Smith (1997) looks at L1 Japanese (s/z), German (s/z), Turkish (t/d), and European (s/z) and Quebec (t/d) French. She focuses on the lack of the feature [distributed] in these languages. Thus, she seems to argue that they all have the same wrong phonological representation for /θ/ but the differential substitutes are the result of phonetics. Her goal is to account for the phonological cause of the misperceptions rather than the nature of which substitute is chosen.
Lombardi (2003) proposes a quite different class of solution in that she argues that the [t]-substitution occurs as the result of a high-ranked markedness constraint, thus resulting in the production of a universally less-marked stop segment, while the [s]-substitution pattern results from a high-ranked faithfulness constraint, thus resulting in the production of a form that is faithful to an L1 underlying form. As we mentioned earlier, such an output-based account has difficulty explaining the parallel perception difficulties the learners demonstrate (given the assumption of richness of the base).
Kwon (2021) presents a line of work that tackles the notion of formalizing perceptual similarity and, hence, potentially being able to predict which L1 sound is closer to the L2 interdental. She adopts an integration of the Lahiri and Reetz (2002) featurally underspecified lexicon model and Dresher's (2009) Contrastive Hierarchy (CH). Her approach generates perceptual similarity scores that argue that phonological representation, not phonetic representation, has a stronger influence on L2 perception.
Note that, with the exception of Kwon (2021), none of the previous approaches recognized constituent structure in phonological features. Some invoked feature geometry, but as Cowper and Hall (2019) remind us, “contrastive hierarchies are paradigmatic (defining systems of oppositions), and feature geometries are syntagmatic, structuring combinations of features in phonological representations.”
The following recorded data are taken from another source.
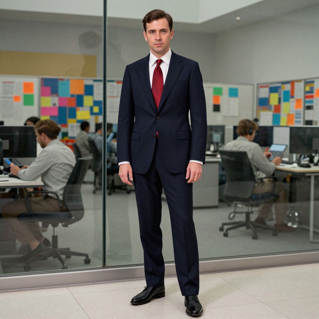 Photograph of a young Caucasian man with short, dark brown hair, standing confidently in the center of a modern office. He is wearing a dark pinstripe suit, white dress shirt, and a maroon tie. His black leather shoes are polished. The office background features glass walls reflecting the room, with multiple desks and office chairs occupied by people working on computers. The walls are adorned with colorful, patterned bulletin boards. The floor is tiled in a light gray color, and the overall atmosphere is professional and contemporary.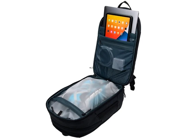 Le sac à dos multifonctionnel Thule Aion peut être étendu d’un sac à dos de 28 litres à un sac à dos de voyage de 32 litres, ce qui augmente l’espace utilisable de 15 %. Il dispose d’une cloison pratique pour séparer les objets du quotidien des équipements actifs. Pour faciliter l’emballage, le panneau arrière du sac à dos peut être complètement décompressé et ouvert comme une valise. À l’intérieur, il y a une cloison de séparation avec un insert en TPU, ce qui facilite l’organisation de votre équipement et qui empêche également le transfert d’humidité, d’odeurs ou de saleté vers d’autres objets dans le sac à dos.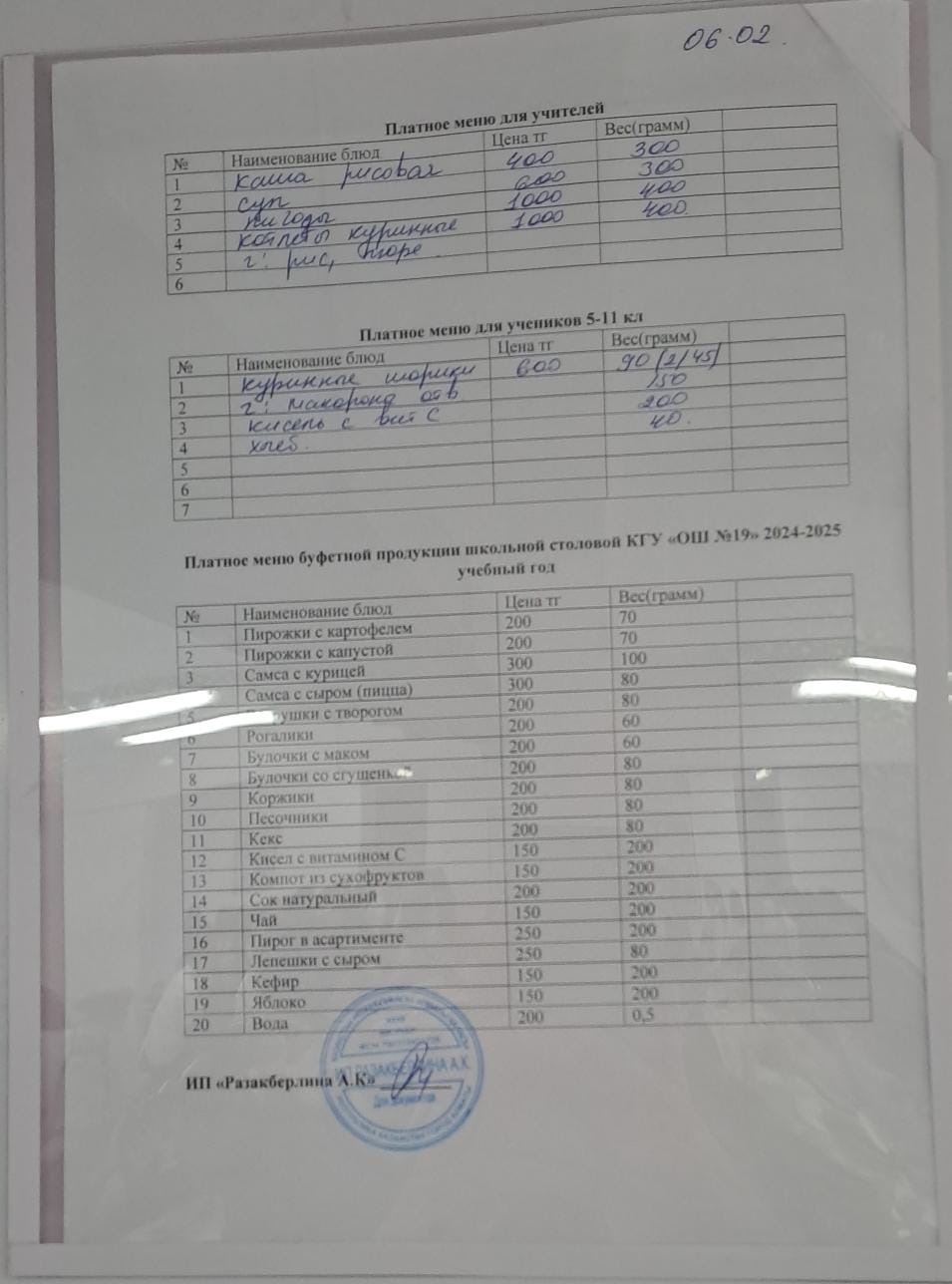 » Күнделікті ақылы тамақтану мәзірі (06.02.2025)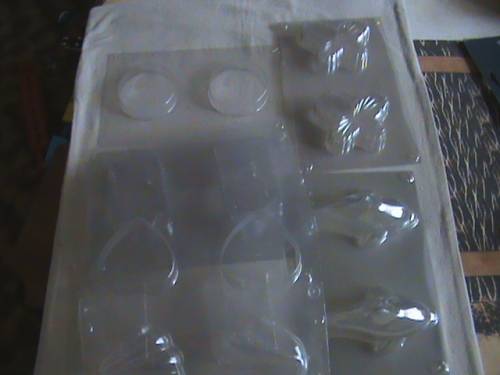16 assorted plastic soap moulds , there are 2 shapes per mould 3 dolphins, 3 butterflies, 2 hearts, 2 fish, 1 round, 1 shell, 1 handmade soap rectangle and 3 plain rectangles so altogether 32 moulds but 2 per set see photo R50 for all
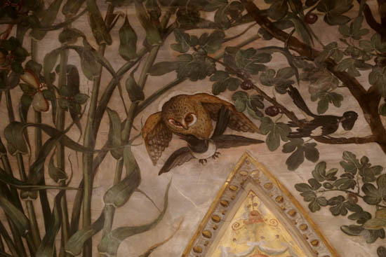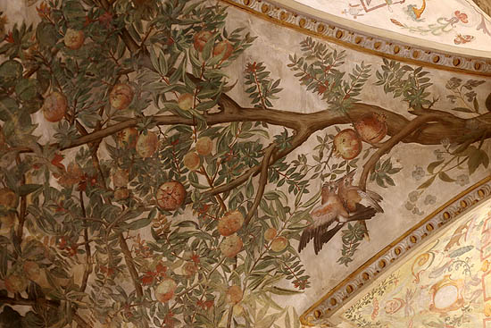 A másik érdekes terem a Sala a Fogliami, a Lombok terme, amely mennyezeti lombdíszéről kapta a nevét. A freskót alkotó sokféle fa, gyümölcs és virág, s a közöttük megbúvó, repkedő és zsákmányoló madarak természettudományos hűséggel ábrázolt sokasága már átvezet a reneszánsz csodakamrák egy következő fejezetéhez, az emberkéz alkotta művektől az Isten alkotta csodákhoz.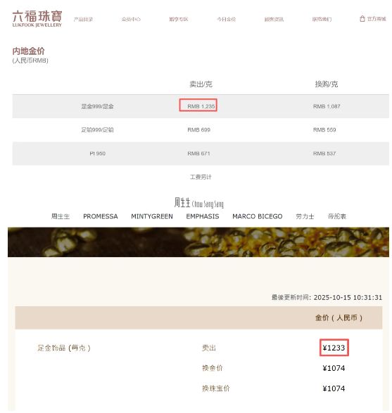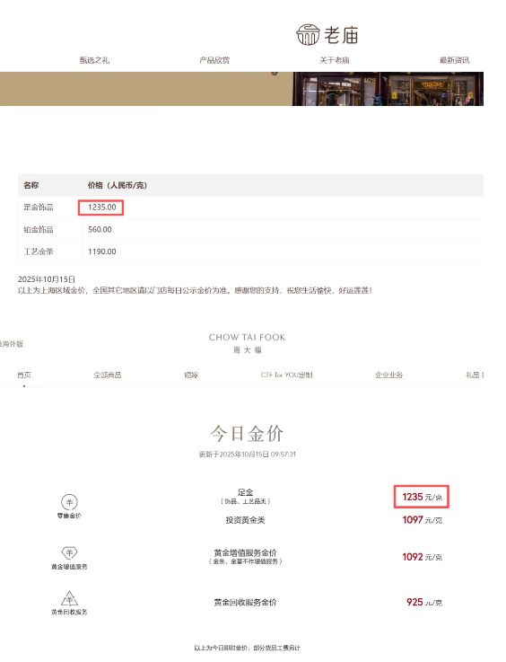 与此同时,国内金饰价格持续走高。10月15日,据各大品牌官网,老庙黄金、周大福、六福珠宝等品牌的足金饰品价格均已达到1235元/克,周生生为1233元/克,较前一日均有明显提升。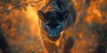 Majestic Black Panther Glowing Amidst the Night Sparks
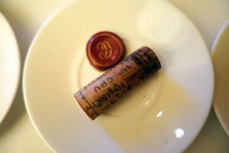 Le Châteauneuf-du-Pape Michel Bouchard 1959 est servi quelques minutes après les deux vins bourguignons. Il est solide et joyeux mais il ne peut lutter avec leurs complexités. Il prouve seulement que les Châteauneuf-du-Pape savent vieillir et garder leur potentiel de plaisir. Et l’accent de garrigue et de romarin est bien agréable à écouter à ce moment du repas.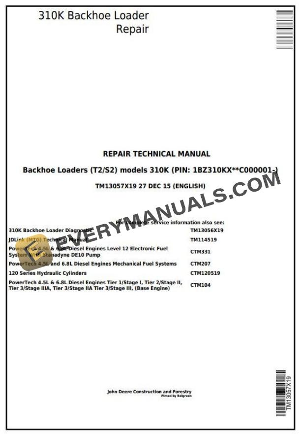 John Deere 310K Backhoe Loader Repair Technical Manual TM13057X19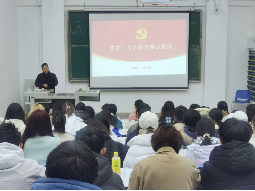 12月9日,校党委委员、副院长肖必恒以“党的二十大报告要点解读”为题,为2022级中文1班和2班学生进行授课。他解读了二十大的热点问题,重点讲解了在实施科教兴国战略中,高等职业教育迎来了发展的春天,作为高职院校的学生,如何迎接挑战和抓住机遇等,他引导学生深入思考和分析自身的优势、精准定位并付诸行动。课后,同学们纷纷表示,自己要树立清晰目标,奋发有为。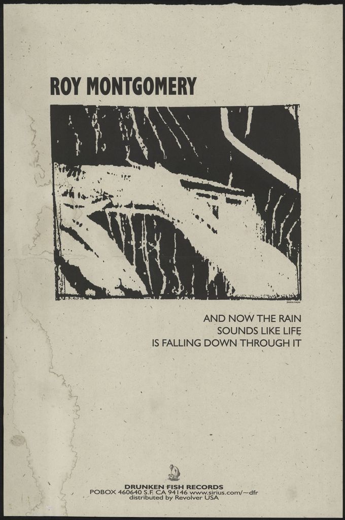 Roy Montgomery. And now the rain sounds like life is falling through it. Drunken Fish Records.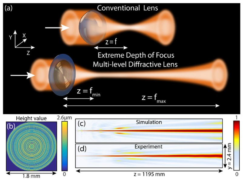 圖 1. (a) 顯示超深焦距(ExDOF)成像的多級(jí)衍射透鏡(MDL)示意圖。(b) MDL 的幾何形狀,焦距范圍為5~1200mm,光圈為1.8mm。(c)焦距為5~1200mm的MDL 在 y-z 平面上的模擬強(qiáng)度分布和(d)測(cè)量強(qiáng)度分布。工作波長(zhǎng)為850 nm。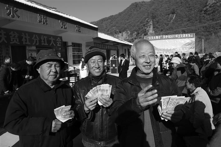 留坝县玉皇庙镇关房子村贫困户喜领扶贫社分红。 陕报通讯员 刘宣摄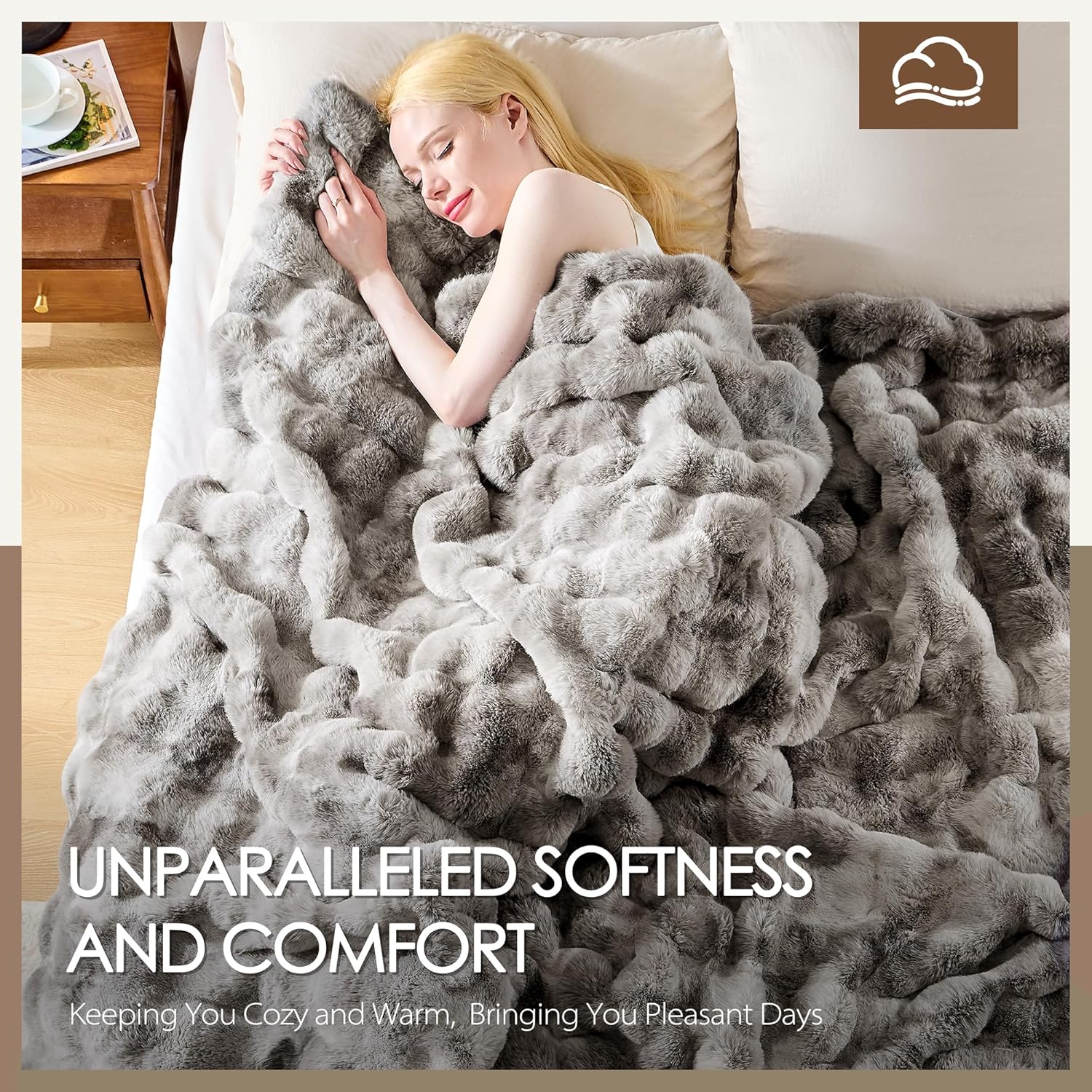 • LUXURIOUS COZY FAUX RABBIT FUR FABRIC: This bubble blanket is crafted from 780GSM plush faux rabbit fur fabric for warmth and comfort, and 220GSM crystal velvet fabric lining for silky softness. The furry faux rabbit fur throw blanekt feel as soft as clouds and gently wrap you like a warm embrace, giving you a comfortable double-sided experience, making you feel cozy all winter long.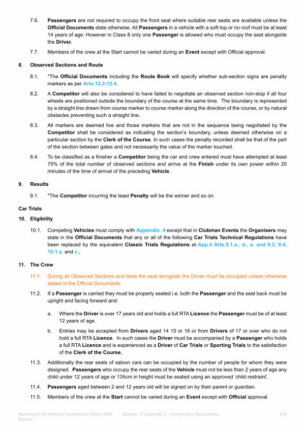 7.6. Passengers are not required to occupy the front seat where suitable rear seats are available unless the Official Documents state otherwise. All Passengers in a vehicle with a soft-top or no roof must be at least 14 years of age. However in Class 8 only one Passenger is allowed who must occupy the seat alongside the Driver.
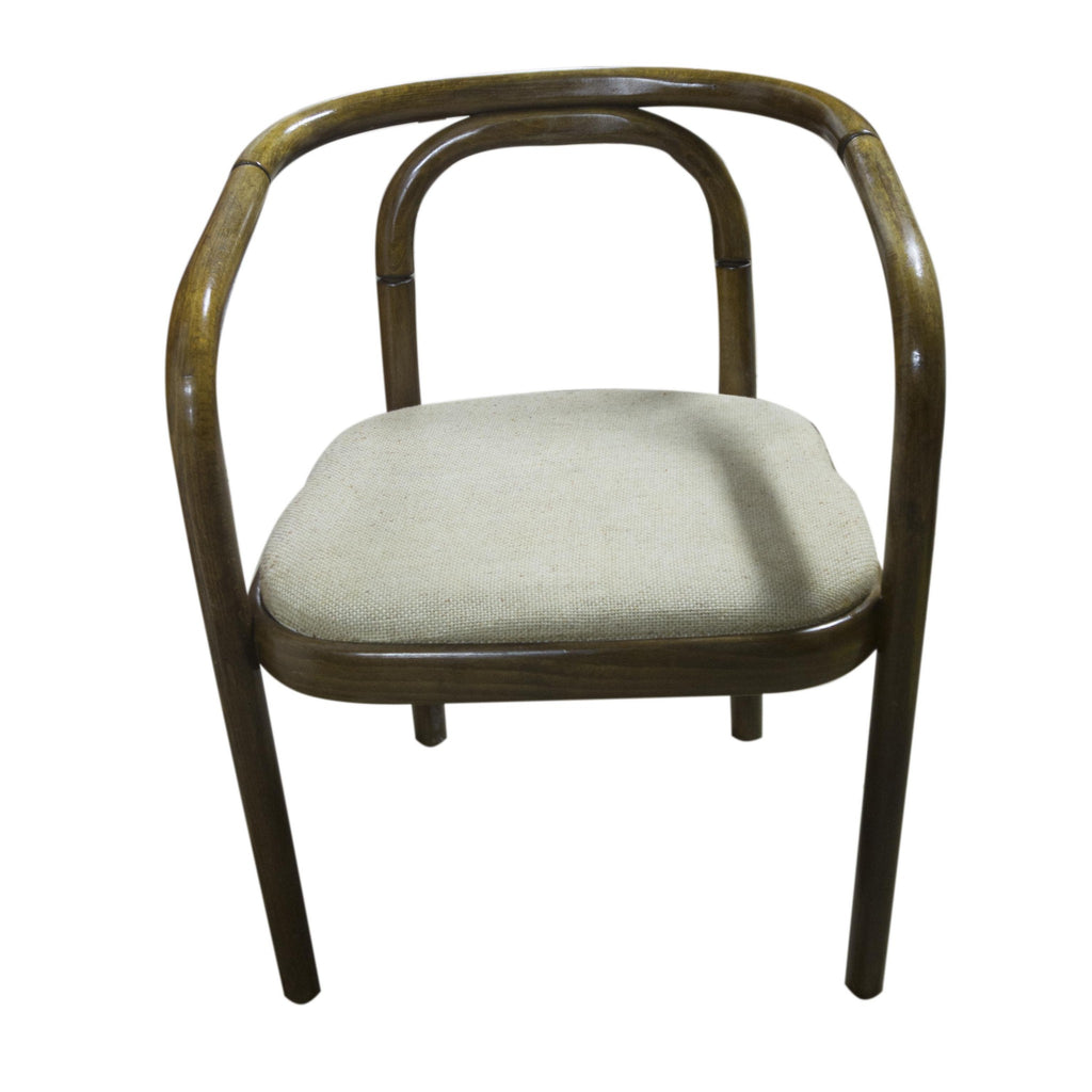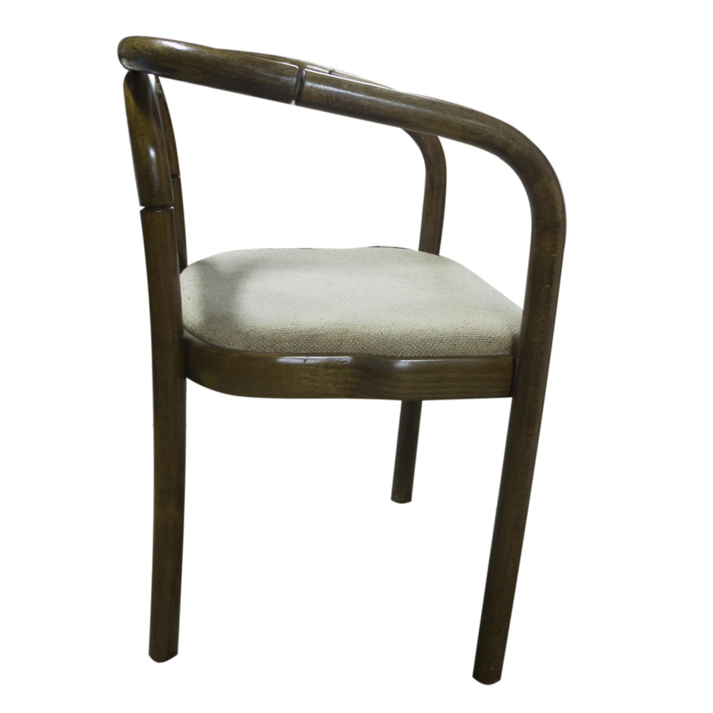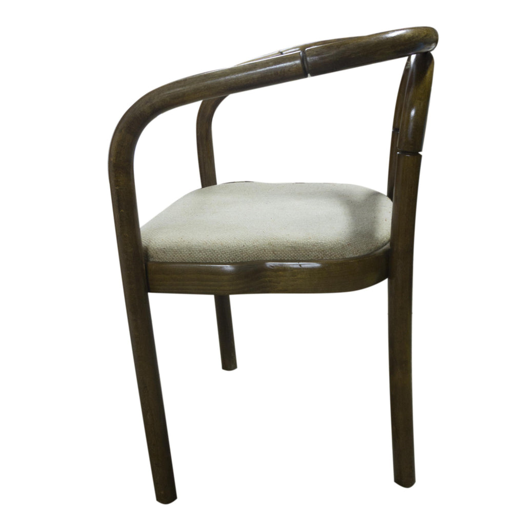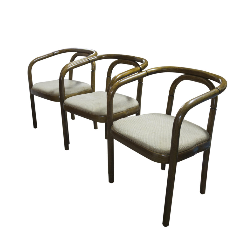 Three upholstered bent wood chairs by TON, designed by Tomás Macek in 1969 for TON Bystřice pod Hostýnem. It was made in Czechoslovakia. Good structural condition, polished veneer, upholstery in good condition. Price is for the complet.

2. The contrastive hierarchy
I propose that using a CH approach (Dresher, 2009, 2018; Hall, 2011; Archibald, 2022a,b; Chandlee, 2023) provides just the mechanism we need to account for such differential substitution patterns. I present cross-linguistic patterns found in the existing literature and will propose a phonological explanation. I am going to focus on the interdentals [θ/ð] and their substitutes in Russian, Japanese, European French, and QF. Russian and QF tend to substitute [t] for /θ/ and [d] for /ð/ while European French and Japanese tend to substitute [s] for /θ/ and [z] for /ð/ (Gatbonton, 1978; Smith, 1997; Teasdale, 1997; Picard, 2002). However, this same machinery could be used to account for other examples of differential substitution. The CH model is a theory of ranked contrastive underspecification. Let us consider two partial phonemic inventories to see how the machinery works. Dresher (2018) gives the example of the two three-vowel systems that each use the same features but differ in feature ranking, shown in (2).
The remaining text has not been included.